Thursday, October 03, 2024
33.0°F

Idaho game guides indicted for illegal mountain lion hunts

by STAFF REPORT
Staff Report | October 3, 2024 1:00 AM

A federal grand jury in Pocatello indicted three big game guides who allegedly guided illegal hunts, resulting in the kills of at least 11 mountain lions in Idaho, the U.S. Attorney’s Office announced Wednesday.

Chad Michael Kulow, 44, of Kuna, is charged with one count of conspiracy and 11 counts of Lacey Act violations, all felonies. Andrea May Major, 44, also of Kuna, is charged with one count of conspiracy and six Lacey Act violations, all felonies. LaVoy Linton Eborn, 47, of Paris, Idaho, faces one count of conspiracy and seven Lacey Act violations, all felonies. 

The three defendants entered not guilty pleas Sept. 30 in federal court. 

The Lacey Act is a conservation law prohibiting trade in wildlife, fish and plants that have been illegally taken, possessed, transported or sold. The alleged Lacey Act violations are punishable by up to five years in federal prison, a maximum fine of $250,000 and up to three years of supervised release. 

The charges stem from 2021, when Kulow, Major and Eborn were licensed guides in the state of Idaho, employed by a licensed outfitter, according to the U.S. Attorney’s Office. 

In late 2021, the trio allegedly began illegally acting in the capacity of outfitters by independently booking mountain hunting clients, accepting direct payment and guiding hunts in southeast Idaho and Wyoming, outside the federally permitted outfitting service for which they worked. 

Between December 2021 and February 2022, the three big game guides allegedly unlawfully sold hunts and carried out guiding activities on the Caribou-Targhee National Forest in southeast Idaho and the Bridger-Teton National Forest in western Wyoming. 

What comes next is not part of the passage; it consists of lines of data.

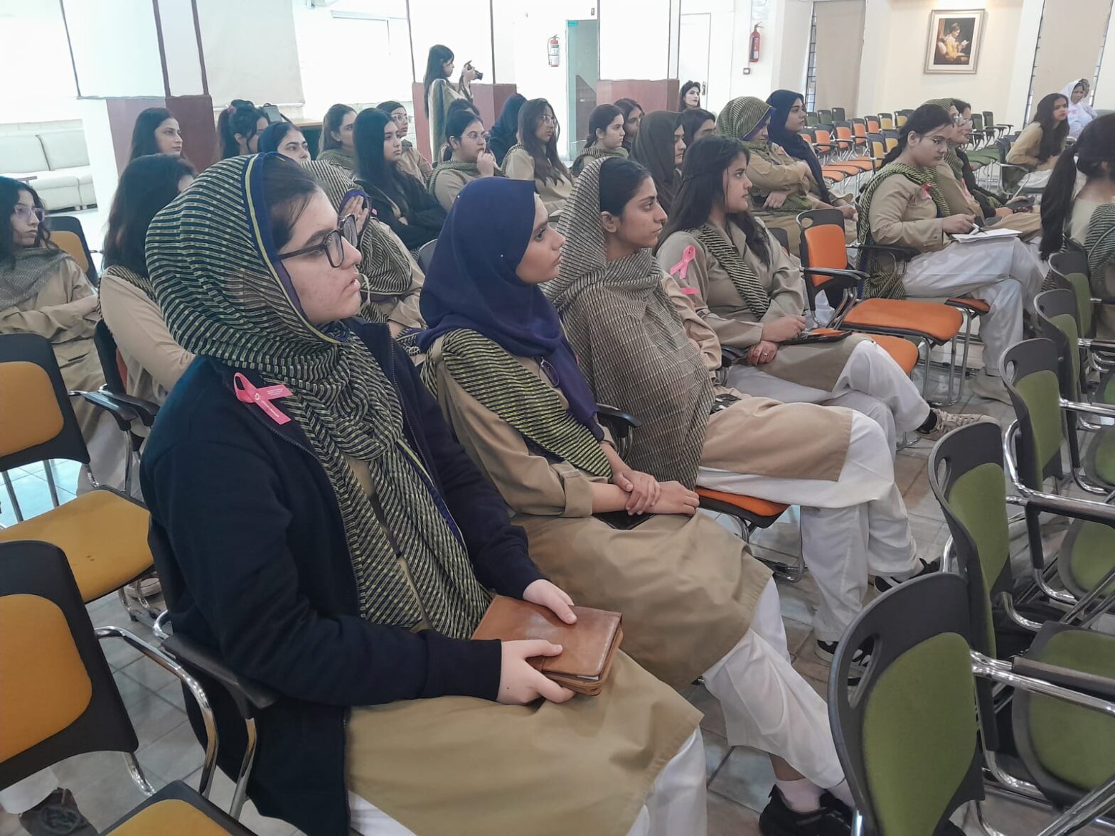 In honour of Pinktober, Shaukat Khanum Memorial Hospital organized an enlightening Breast Cancer Awareness Session for students. The session was led by Dr. Mahnoor, who delivered an informative presentation on the causes, prevention, and early detection of breast cancer. She emphasized the importance of regular self-examination and explained practical steps to perform it correctly.
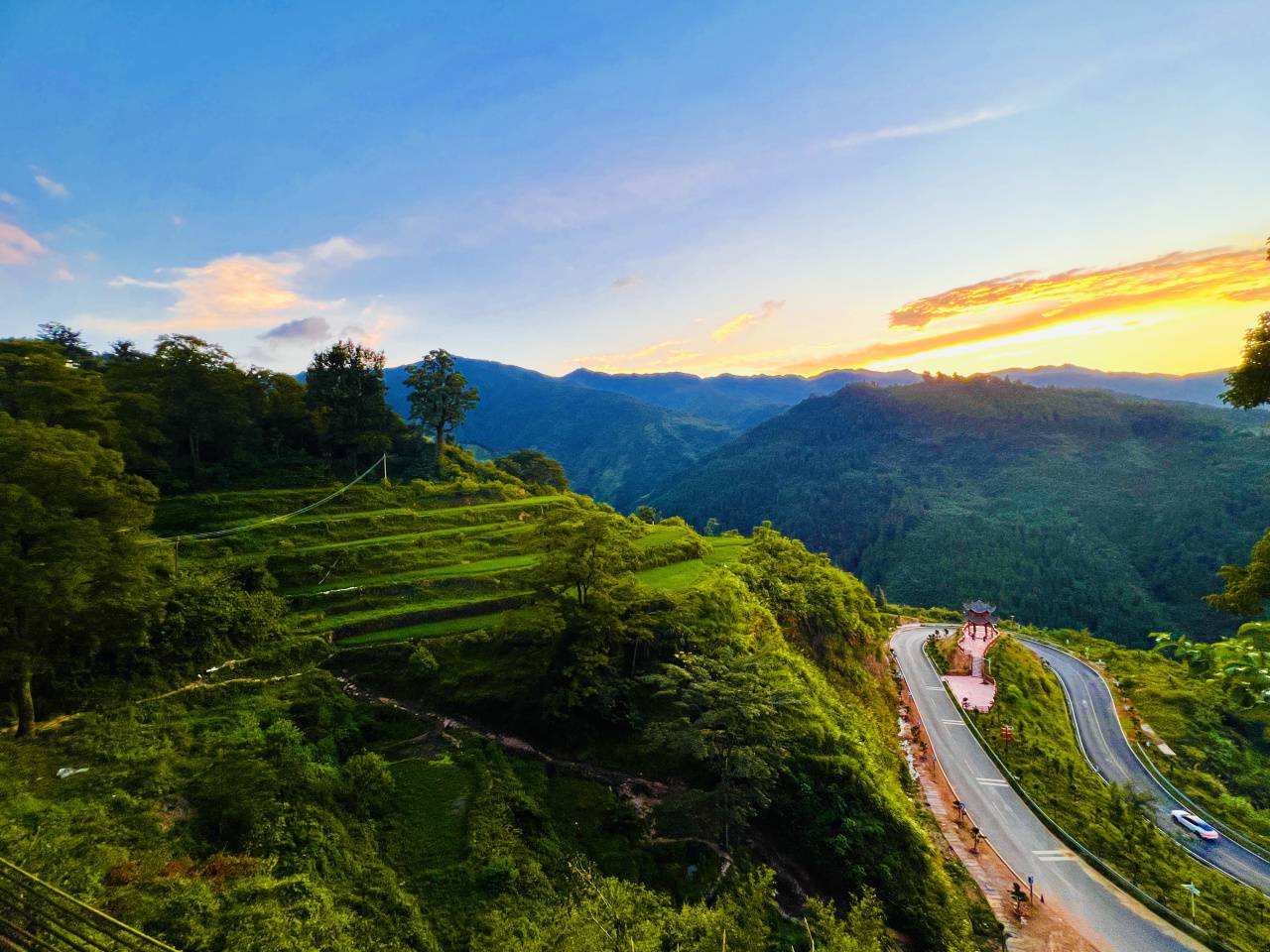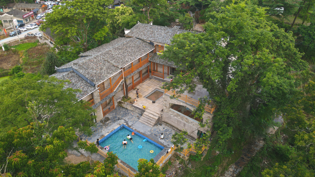坐在阳台上,东可观日出、看梯田;南可一览错落有致的千年古寨错落有致的房屋全景;北面是大峡谷,眺眼远望,让人心旷神怡。西面千年古树挺立,见证了人民公社的历史悠久
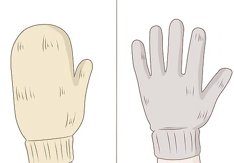 Wear gloves. Gloves can keep your outer extremities warm to avoid getting frostbite. If you don't need to use your fingers, mittens are better since they keep fingers together and trap heat more effectively than gloves. Gloves don't have to clash your entire outfit. A simple pair of white classy gloves for girls can add a nice touch, and black leather gloves for guys can make you seem cool. You can purchase "hot hands" or hand warming devices to put inside gloves. These will keep your hands warm without getting too bulky.
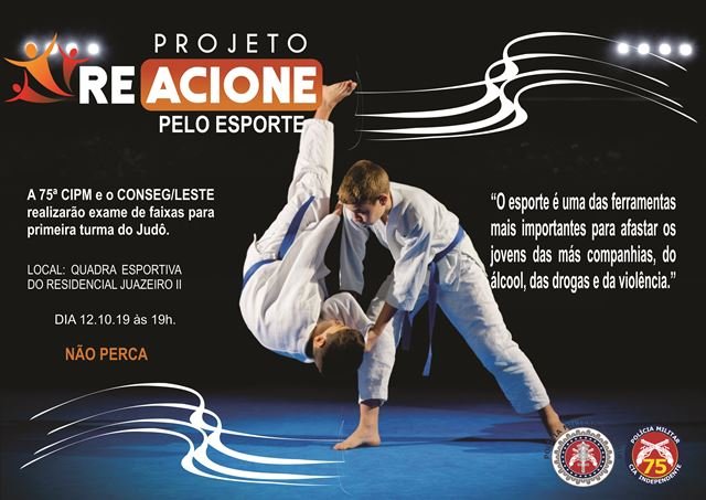 No dia 12.10.19, às 19h, o Major Roberto, Comandante da 75ªCIPM, o senhor Hernani, Presidente do Conseg/Leste e o Professor Paulo Afonso, promoverão o exame de faixas do Judô do Projeto Reacione Pelo Esporte na Quadra do Residencial Juazeiro II, bairro Itaberaba – BA.
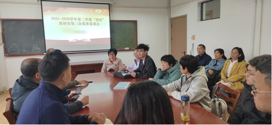 2026年4月13日下午,“纲要”教研室举行春季学期第三次集体备课会。此次会议由“纲要”教研室主任王玉坤主持,教研室全体教师与会。
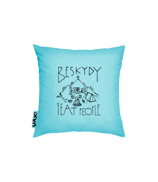 Vyrábíme udržitelné oblečení UAX! - ručně šité v Česku uaxDoplňky uaxVšechny produktyPolštářePOVLAK NA POLŠTÁŘ 50x50potisk 1241 - I EAT PEOPLE BESKYDYPASTEL BLUE
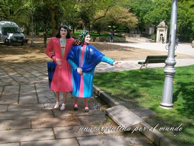 Al día siguiente fuimos a Santiago. Visitamos una plaza cuyo nombre lamentablemente no recuerdo el Parque de la Alameda, (¡Estoy buscando en Google como loca pero no lo encuentro!) (Las Dos Marías me dieron la pista para encontrarlo) donde anteriormente se vendían las cosas traídas del campo y luego iban a la ciudad a comprar zapatos, ropa, lo que necesitasen. En esa plaza hay un banco acústico: es un banco de piedra enorme que tiene forma semicircular, donde cuentan que en la época de Franco los enamorados se sentaban uno en una punta, otro en otra y se contaban confidencias gracias a la acústica del banco. Si hablás cerca de la piedra del respaldo se puede escuchar todo lo que decís del otro lado (completamente comprobado por mí misma, mi primo de un lado, yo del otro ¡y ahí conversando lo más tranquilos gracias al banco mágico!)
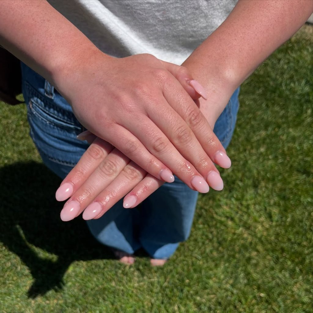 This set feels like a weekend spent outside. Medium-length almond nails are coated in a translucent neutral pink that looks especially luminous in natural light. The shine suggests a flexible gel overlay—perfect if you’re active but still want a touch of glamour. It’s relaxed, wearable, and just cute enough to feel special every time you catch a glimpse of your hands.

The illegally guided hunts resulted in the kills of at least 11 mountain lions in Idaho, according to federal prosecutors, as well as a Boone and Crokett record mountain lion in western Wyoming. 

Several big game mortality reports were falsely submitted to Idaho Fish and Game with inaccurate outfitter business information, the U.S. Attorney’s Office said, and at least three mountain lions were shipped directly to Texas, without having been presented to Idaho Fish and Game for completion of the required big game mortality reports. 

Mountain lions killed during the hunts were transported from national forest land to or from Idaho, Utah, Wyoming, Montana, Alaska, Texas and North Carolina, which prosecutors said violated the Lacey Act and multiple Idaho laws. 

A jury trial in the case is scheduled for Nov. 18 in Pocatello.